# Sibelius - String Quartet Op. 56, "Voces Intimae" (SQ review)



## Merl (Jul 28, 2016)

Here's my thoughts on the Sibelius SQ recordings I've listened to this week. Again, there was little between the recommended recordings and the top recommendations and this is merely a personal perspective and I'm sure others will feel differently.






*Recommended*
Tempera
New Helsinki
Jean Sibelius
Melos
Fresk
Sibelius Academy
Griller
Emerson
Skyros
Escher

*Superb*

*Engegard 
Oslo
Daedalus
Ehnes
Gabrieli
Dante
Flinders
Henschel
Fitzwilliam*

*Top two choices*
These two stood out for opposing reasons. The *Leipziger* account is darker and richer than most and was coherently and beautifully performed and recorded.

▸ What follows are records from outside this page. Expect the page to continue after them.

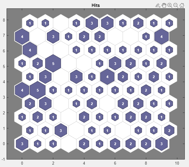 To plot the SOM Sample Hits, in the Plots section, click Sample Hits. This figure shows the neuron locations in the topology, and indicates how many of the observations are associated with each of the neurons (cluster centers). The topology is a 10-by-10 grid, so there are 100 neurons. The maximum number of hits associated with any neuron is 5. Thus, there are 5 input vectors in that cluster.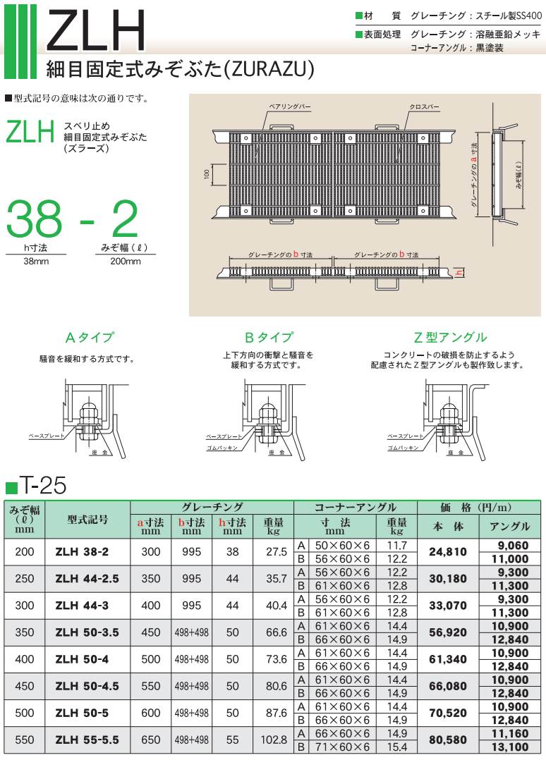 カワグレ ZLH カタログ価格表 定価の25%OFF! グレーチング専門の小田原鋼材(株) 2025年新価格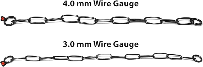 - Black Stainless Steel Long Link Fur Saver Collar: Wire Gauge 3mm thick by 21 inches (53cm) overall length for dogs with the neck size up to 18 inches; This collar works best for dogs up to 110 lbs (50kg)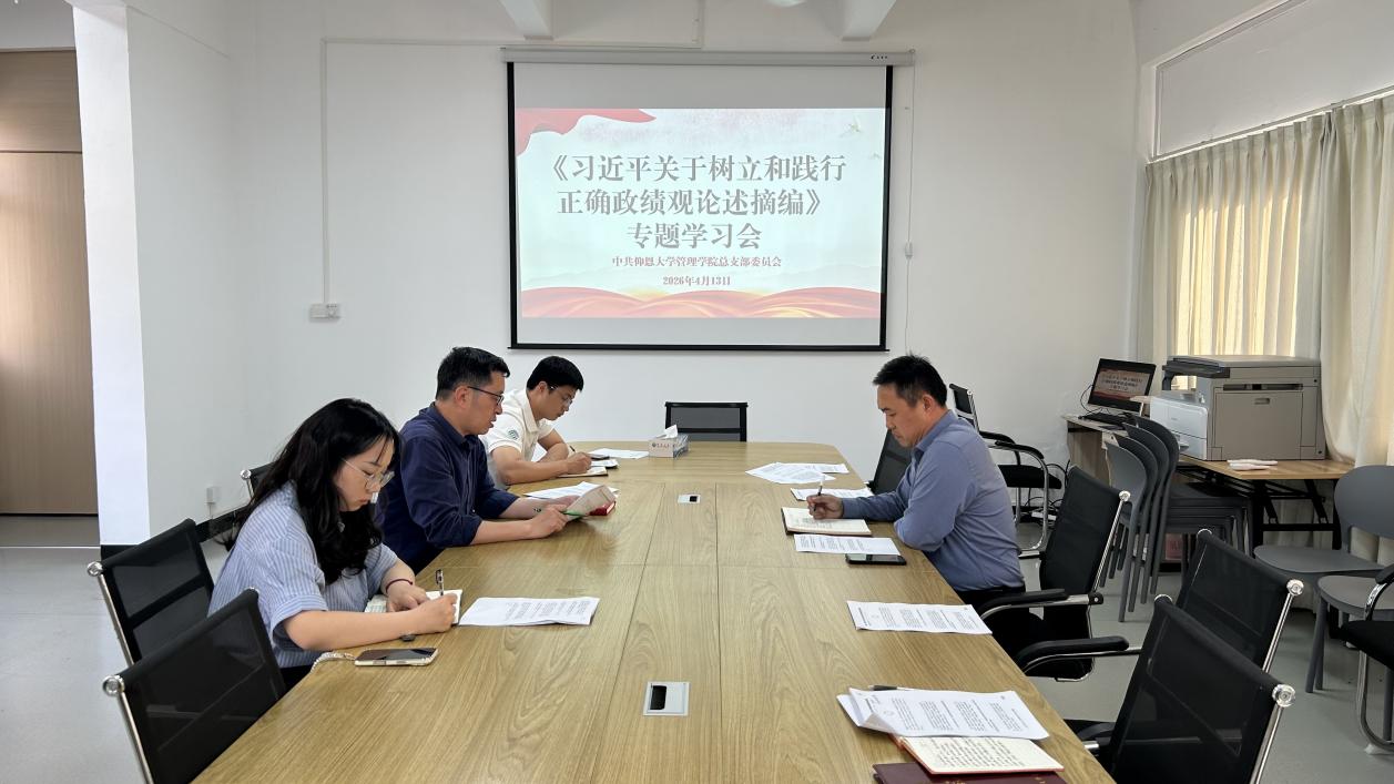 为深入学习贯彻习近平新时代中国特色社会主义思想,完整、准确、全面把握正确政绩观的核心要义和实践要求,切实把思想和行动统一到党中央决策部署上来,3月23日下午,3044永利集团党总支理论学习中心组在仰光楼209会议室召开《习近平关于树立和践行正确政绩观论述摘编》专题学习会。学院党总支书记许惠铭主持会议并领学,党总支理论学习中心组全体成员参会学习。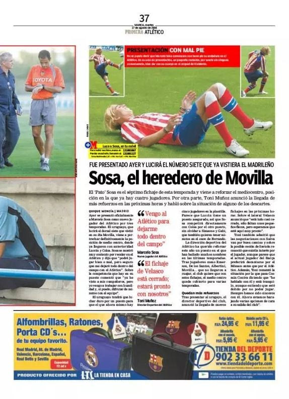 Μια ωραία ιστορία έφερε στο προσκήνιο η ισπανική “Marca”, η οποία θυμήθηκε την παρουσίαση του Πάτο Σόσα το 2004 από την Ατλέτικο Μαδρίτης η οποία είχε εξελιχθεί σε… φιάσκο. Κι αυτό γιατί ο Ουρουγουανός μέσος που είχε φτάσει στους “ροχιμπλάνκος” από την Σπαρτάκ Μόσχας, κατάφερε να… πέσει κάνοντας ποδαράκια κατά την παρουσίασή του.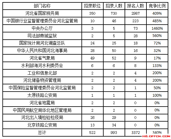 為幫助廣大考生更清晰的了解今日報名情況,河北中公教育整理了各部門審核通過人數(shù)以及競爭比例,供廣大考生參考:
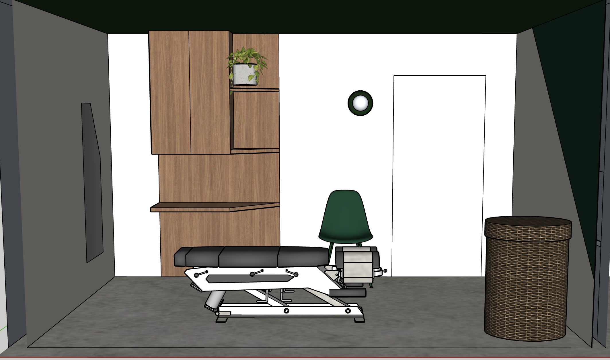 plaintext create a cozy modern interior scene the room features a dark green ceiling and accents contrasting with soft gray cream walls incorporate a sleek black chiropractic table with black padding as the focal point design wooden shelves in a rich walnut finish adding a small green potted plant for a touch of nature place a dark green modern chair as an accent piece include a textured cylindrical wicker basket beside the table blending natural and synthetic materials use muted tones with warm lighting to evoke a calm and tranquil atmosphere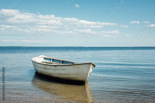 © Art IF, Naklejka premium Old boat on calm lake, serene scene
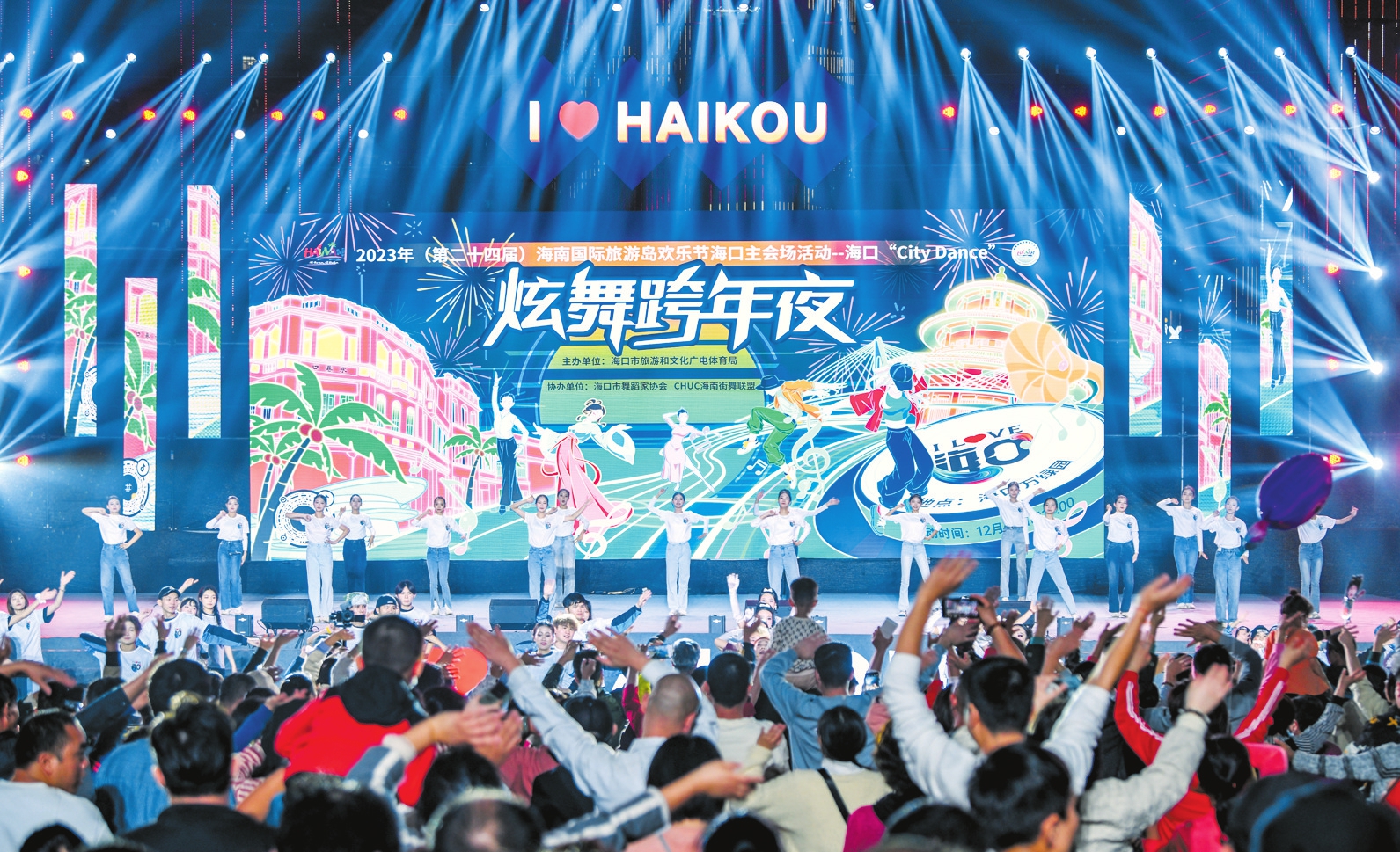 去年12月31日晚,以“欢乐加倍,快乐无限”为主题的欢乐节闭幕式在海口万绿园举行,标志着为期一个月的2023年(第二十四届)海南国际旅游岛欢乐节正式落下帷幕。当天19时许,2023年海口“City Dance”炫舞跨年夜首先亮相,点燃了火热的跨年气氛。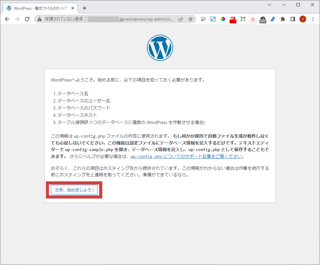 すると、以下のようにWordPressの設定画面が表示されるので、「さあ、始めましょう!」をクリックして設定を行おう。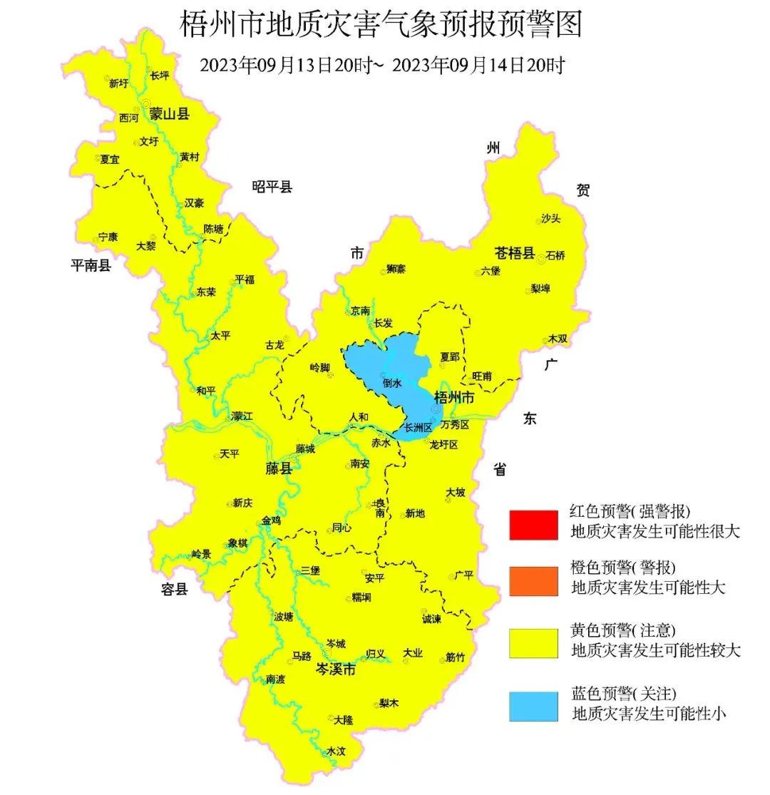 根據(jù)梧州市氣象臺未來24小時(shí)降雨預(yù)報(bào)及前期降雨實(shí)況,結(jié)合地質(zhì)環(huán)境條件分析,預(yù)計(jì)未來24小時(shí)內(nèi)藤縣、蒼梧縣、蒙山縣、岑溪市、龍圩區(qū)、萬秀區(qū)地質(zhì)災(zāi)害風(fēng)險(xiǎn)預(yù)警等級為黃色預(yù)警(三級響應(yīng)),氣象因素等致地質(zhì)災(zāi)害發(fā)生風(fēng)險(xiǎn)較高;長洲區(qū)地質(zhì)災(zāi)害氣象風(fēng)險(xiǎn)預(yù)警等級為藍(lán)色預(yù)警(四級響應(yīng)),氣象因素等致地質(zhì)災(zāi)害發(fā)生有一定風(fēng)險(xiǎn),請做好地災(zāi)防范工作。來源|中國天氣網(wǎng)、梧州天氣、岑溪新聞網(wǎng)、墨跡天氣 編輯|岑溪今日(信息僅作分享用,如有侵權(quán)請聯(lián)系刪除,謝謝)看完順手“點(diǎn)贊”“在看”唄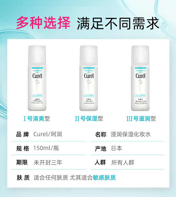 日本 Curel珂润 保湿爽肤精华水/乳 150ml/120ml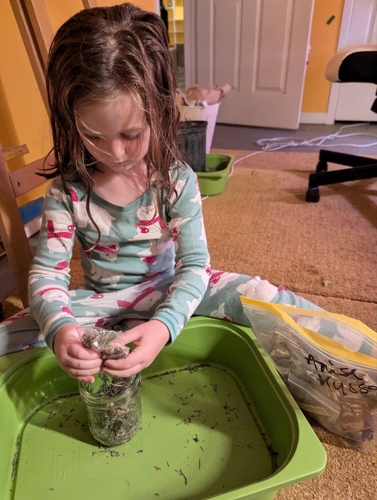 The kids decided on mixtures to treat 6 different ailments, starting with a unique problem they each wanted to solve. One was struggling with exam anxiety, another has dry skin, and the little one had trouble falling asleep and wanted to make a sleep potion. The garden hand mixture is for the cuts and scrapes they see on my hands, and they made the sore and headache mixes to solve what they see as grownup problems.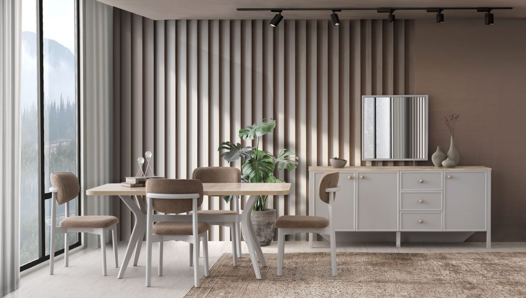 Evart Mobilya'nın yemek odası takımları, sofistike tasarımı ve dayanıklı yapısıyla yaşam alanlarınıza değer katıyor. Şıklığı ve kullanışlılığı bir araya getiren bu özel koleksiyon, keyifli yemek deneyimlerine eşlik ediyor.

Everything about this one just felt right and the playing is stunning. The *Tetzlaff* is as full-blooded but it's just so brilliantly recorded and the quartet are so idiomatic, precise, individually terrific and so bloody exciting it had to be there. I loved both equally but they were very different readings. The Gabrielis and Dante were a close 3rd just because their playing was utterly divine but all of the ones I've recommended I'd gladly be happy to own (and do with a fair few of them). These two are now essential purchases (I've already got the Tetzlaff). Remember these are just my views at the moment. They could well change.


----------